国師のしめす宗旨シュウシをあきらめて、参学の亀鑑キカンとすべし。


先尼外道センニゲドウが見処ケンジョとしりてしたがふことなかれ。


 近代は、大宋国に諸山の主人とあるやから、国師のごとくなるはあるべからず。


むかしより国師にひとしかるべき知識いまだかつて出世せず。


しかあるに、世人セジンあやまりておもはく、臨済・徳山も国師にひとしかるべしと。


かくのごとくのやからのみおほし。あはれむべし、明眼ミョウゲンの師なきことを。



〔抄私訳〕

 これは、国師を讃嘆される言葉である。本当に、天帝釈テンタイシャクの請願に赴オモムいて、忉利天トウリテン(須弥山の頂上にある帝釈天がいる天界)で説法なさったほどの祖師である。だから、「国師の示す宗旨をあきらめて、参学の亀鑑キカンとすべし」、と褒められるのである。



〔『正法眼蔵』私訳〕

 大証国師は六祖慧能エノウ古仏の高弟であり、天上界・人間界の偉大な善知識(仏道に精進させ解脱に導く高徳の僧)である。

(大証国師は曹谿古仏の上足なり、天上人間の大善知識なり。)


国師の示す宗旨を明らめて、参禅学道の手本とすべきである。

(国師のしめす宗旨をあきらめて、参学の亀鑑とすべし。)


前に述べた説は、先尼外道固定不変の実体我を認め、霊性の常住性をもとに、「心常相滅」を説く仏道以外の教え)の見解と知って、従ってはならない。

(先尼外道が見処としりてしたがふことなかれ。)


 近頃は、宋国の禅林の住持人であるもので、国師のような人は見当たらない。

(近代は、大宋国に諸山の主人とあるやから、国師のごとくなるはあるべからず。)


昔から国師と等しい善知識は、これまで世に出たことがなかった。

(むかしより国師にひとしかるべき知識いまだかつて出世せず。)


それなのに、世間の人たちは、誤って、臨済リンザイも徳山トクサンも大証国師と等しいと思っている。

(しかあるに、世人あやまりておもはく、臨済・徳山も国師にひとしかるべしと。)


このような連中ばかりが多い。憐れむべきである、正しい物の見方ができる師がいないことを。

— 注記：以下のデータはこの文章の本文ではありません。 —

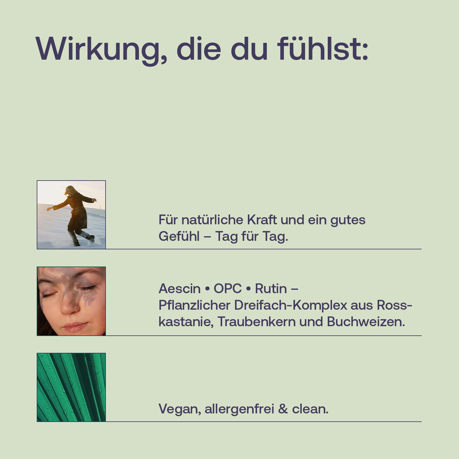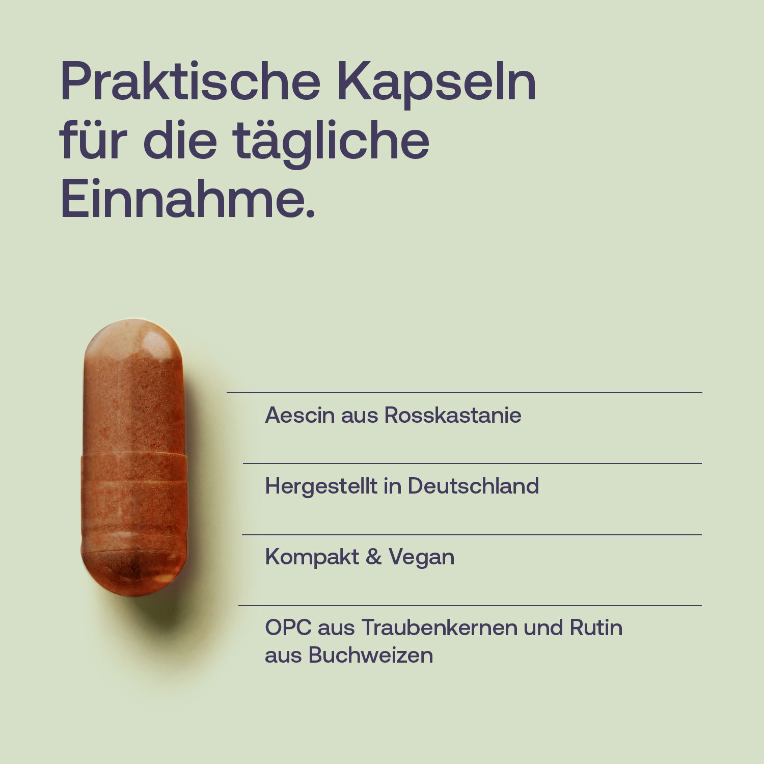 Rosskastanienextrakt (Aesculus hippocastanum, Herkunft: Nicht-EU), Traubenkernextrakt (Vitis vinifera), Buchweizenextrakt (Fagopyrum esculentum), Hydroxypropylmethylcellulose (Kapselhülle).
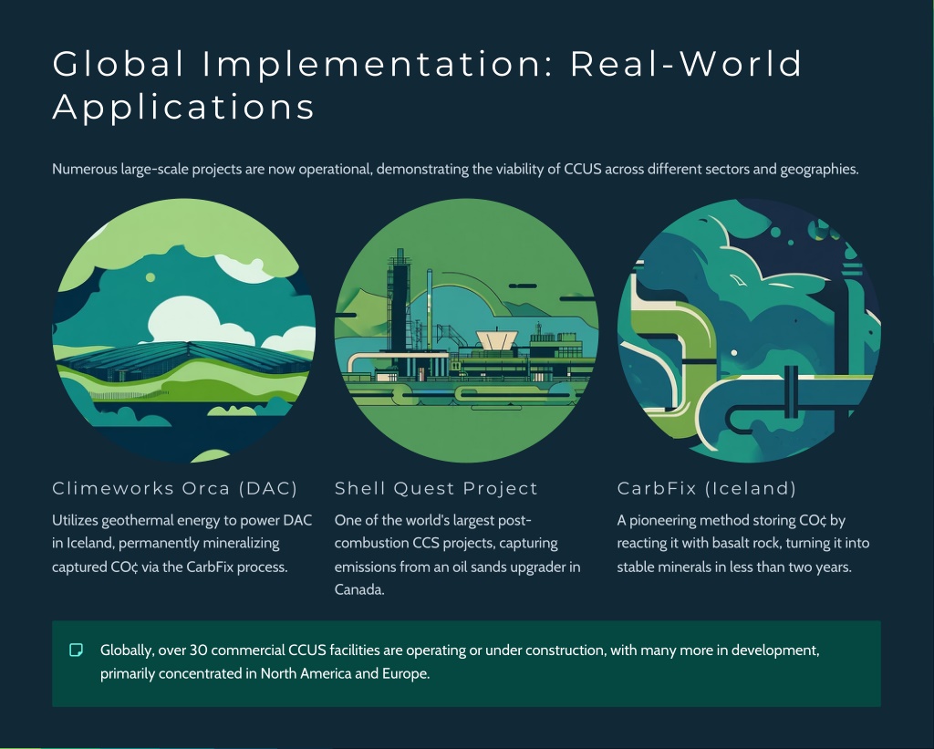 Global Implementation: Real-World Applications Numerouslarge-scaleprojectsarenowoperational,demonstratingtheviabilityofCCUSacrossdifferentsectorsandgeographies. ClimeworksOrca(DAC) ShellQuestProject CarbFix(Iceland) Utilizes geothermal energy to power DAC in Iceland, permanently mineralizing captured CO¢ via the CarbFix process. One of the world's largest post- combustion CCS projects, capturing emissions from an oil sands upgrader in Canada. A pioneering method storing CO¢ by reacting it with basalt rock, turning it into stable minerals in less than two years. Globally, over 30 commercial CCUS facilities are operating or under construction, with many more in development, primarily concentrated in North America and Europe.
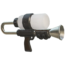 The weapon appears to be based off the Super Soaker 50, one of the first pressurized water guns, due to the similar color, foregrip, and reservoir system.

(かくのごとくのやからのみおほし。あはれむべし、明眼の師なきことを。)


道元禅師もそうだったんでしょう。日本に明眼の人が居ないから、決死の覚悟で日本海を渡り宋で明眼の人を探し求めました。しかし、出逢いが無くがっかりして日本に帰らざるを得ないと失意にあった頃、ようやく如浄禅師にお会いになり、すべてがはっきりしたので、その事実を日本に広めようとして帰って来られたのでした。そのお蔭で私たちもその事実に巡り会えたのでしょう。